With 13 Days of Sequels I’ll be reviewing horror sequels every weekday for the last two weeks of October. You can view all entries HERE.
Sometimes it’s easy to forget that innocent, wide-eyed naïveté of which all outside stimuli is consumed and filtered through when you’re a child. The uncritical, accepting fondness for something, simply from not having the knowledge or reference point of anything else.
I enjoy being a somewhat jaded, somewhat snobbish free-thinking adult who is able to analyze and interpret the art and media he consumes – but man, I do look back on those early days of watching movies without judgment fondly. That sort-of unrealized thought process of, y’know, “just throw whatever at me now and let me figure it out in 15 or 20 years when I’m all grown up”. And it’s clear to me now that my open-minded opinion on certain films exists only because I devoured them on an empty head – for which I’m incredibly grateful.
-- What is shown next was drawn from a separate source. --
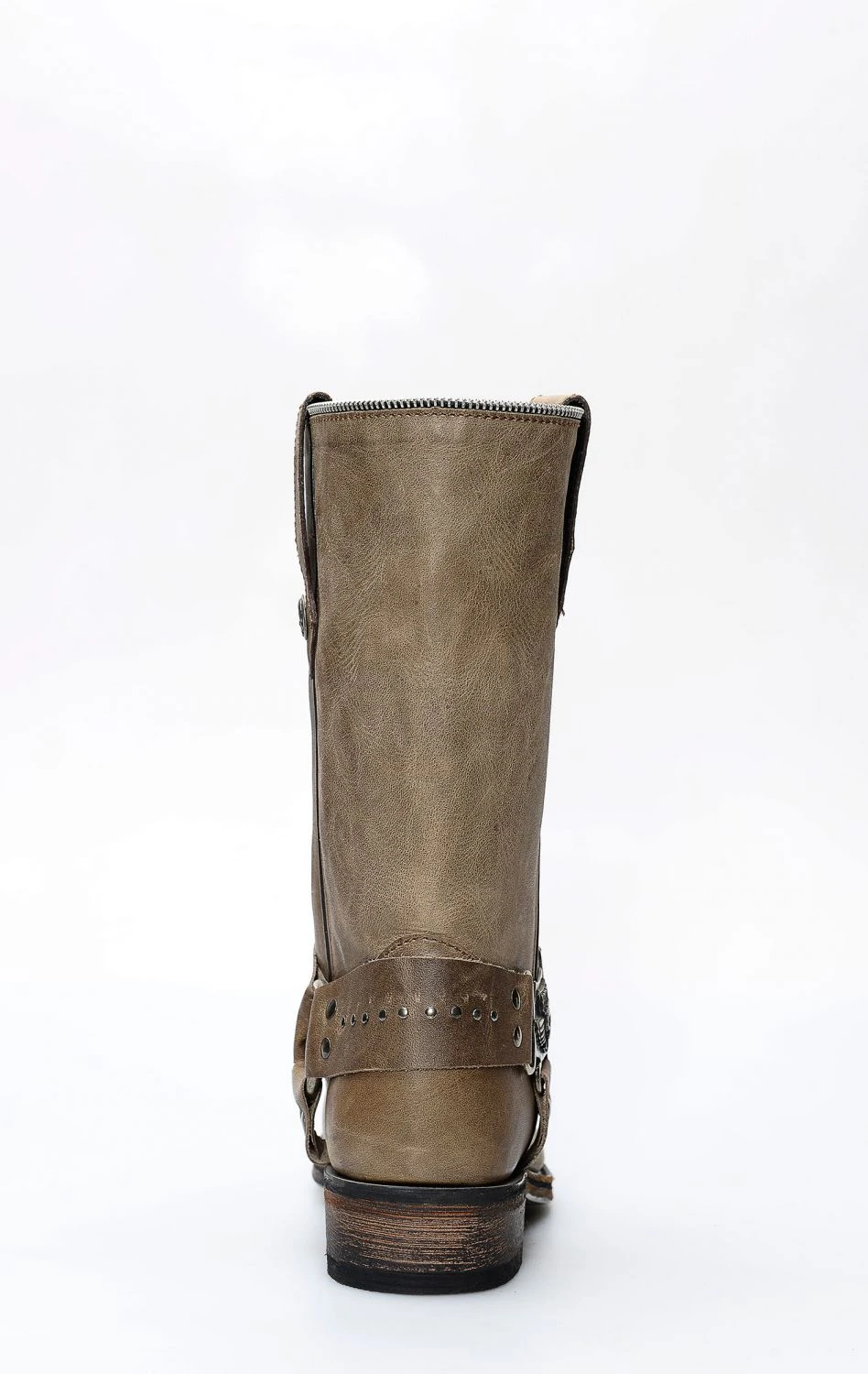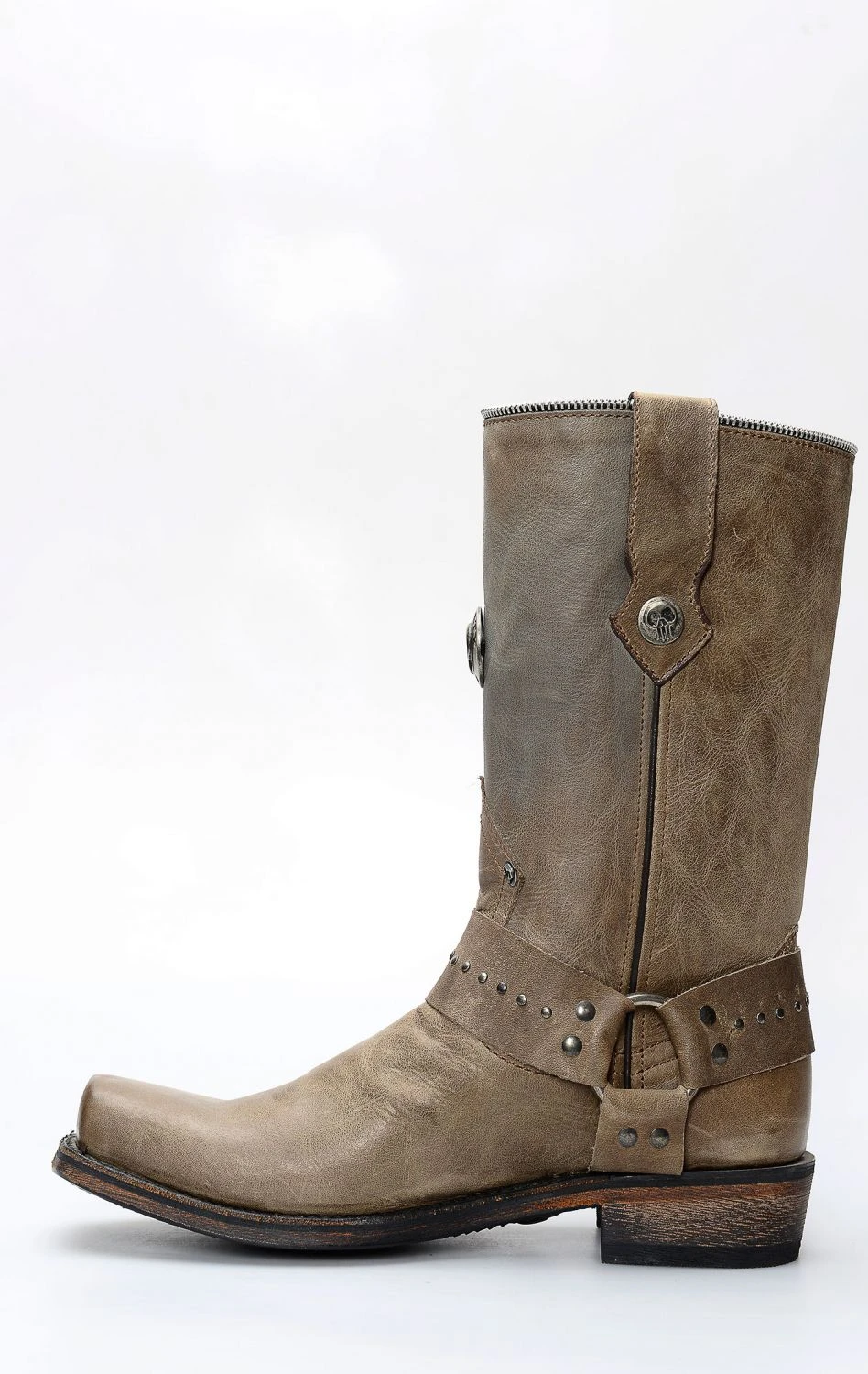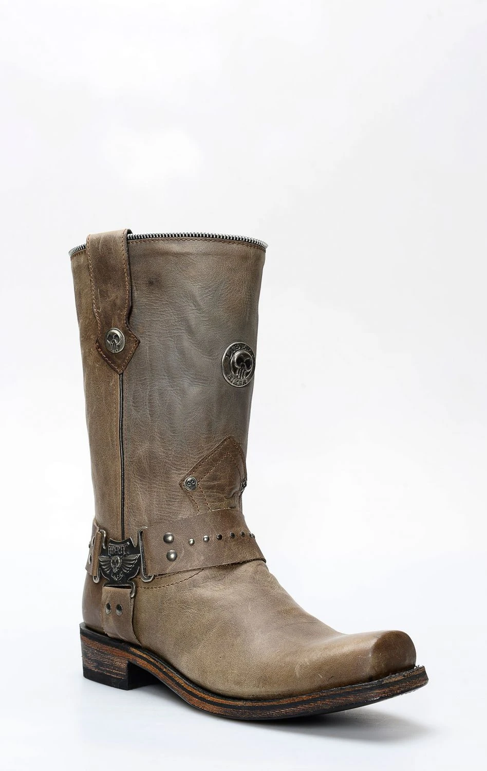 Stivali Liberty Black in stile biker in pelle marrone invecchiata. Punta squadrata e cinturino con bellissima fibbia laterale.

One such film is the absolutely bonkers The Texas Chainsaw Massacre 2. Now before you all chase me out of town with torches, let me assure you: I love The Texas Chainsaw Massacre 2. I love, love, love it. Sure, I think it stands on its own as a sequel (it’s so singular, how could it not), but I also think me seeing it before I started thinking critically about film helped me accept it as canon. I clarify this because, while I love TCM 2, I can understand how someone who was an adult in 1974 and saw The Texas Chain Saw Massacre in theaters would have a less than favorable reaction to TCM 2 upon seeing it a decade later.
And for awhile, that seemed to be the consensus for horror fans of a certain age group – at least, until, the next generation came along and hoisted TCM 2 into the air, praising its bizarro performances and turning it into some sort of cult hit.
Now, director Tobe Hooper claims he set out to make TCM 2 as darkly humorous and weird as it ended up being, and I want to trust him considering how out there the final product is – but I’ve never believed Tobe Hooper to be a very visionary director, so it’s hard for me to think everything that happens in TCM 2 is intentional as Hooper has led on. I think his body of work is kinda spotty, and in terms of his two greatest successes: I think The Texas Chain Saw Massacre was a group effort – one that was effective and successful because of all involved, and I think Poltergeist truly was directed (or “guided” at least) primarily by Steven Spielberg.
Whether or not Hooper intended to create the celluloid fever dream that is TCM 2 ultimately doesn’t matter, because he succeeded in spades. The Texas Chainsaw Massacre 2 is everything The Texas Chain Saw Massacre is not: it’s unsubtle, it’s bright and flashy, it’s funny, and it’s gory as all get out. It’s this same approach and execution that, like Sleepaway Camp II (which I mentioned earlier in the week), I think makes it so successful. What, at one time, made the film so divisive, now seems to be what makes it so unanimously loved.
As I said above, I have nothing but love for TCM 2. And I’m glad I saw it before I was a critical, analytical snob.
3 thoughts on “13 Days of Sequels: THE TEXAS CHAINSAW MASSACRE 2”
TCMII is massively-underrated. The opening sequence with Leatherface and the car chase is one of my favorites in all of Horror.
Shame that the series petered out at II — mayhaps due to Tobe Hooper no longer directing them.
I’m kind of embarrassed to admit that I didn’t care for this one when I first saw it. I don’t remember exactly what my problem was, but I didn’t come around on it until the mid 90s.
There are a few movies that are genre staples that I don’t care for, TCM 2 is different because of how much I do love it now. Most of the others I still feel more or less the same way I always have but TCM 2, Day of the Dead, and The Burning are three favorites that took a while to grow on me.
LikeLiked by 1 person
Funny you mention THE BURNING because it’s still kinda growing on me. I remember watching it for the first time when I was about 18 or 19, and I was really excited because none of my friends had seen it, and so I felt like I’d “discovered” it and had some weird ownership over it – it was that transition from having seen the stuff everyone else had seen to becoming the guy who actually CARED to see all the other stuff.
Anyway, I watched it and was left feeling pretty middling about it. There were parts I liked – and obviously the brief flashes of Savini’s work are great (and if I remember, pretty much the whole reason I sought it out in the first place), but I found most of it pretty boring and draggy.
I’ve watched it several times over the last decade, and my opinion has swayed much. Everything that leads up to the raft slaughter drags like a MF’er – and afterwards, it goes right back to that slowed down pace. There’s still time for it to grow on me, though!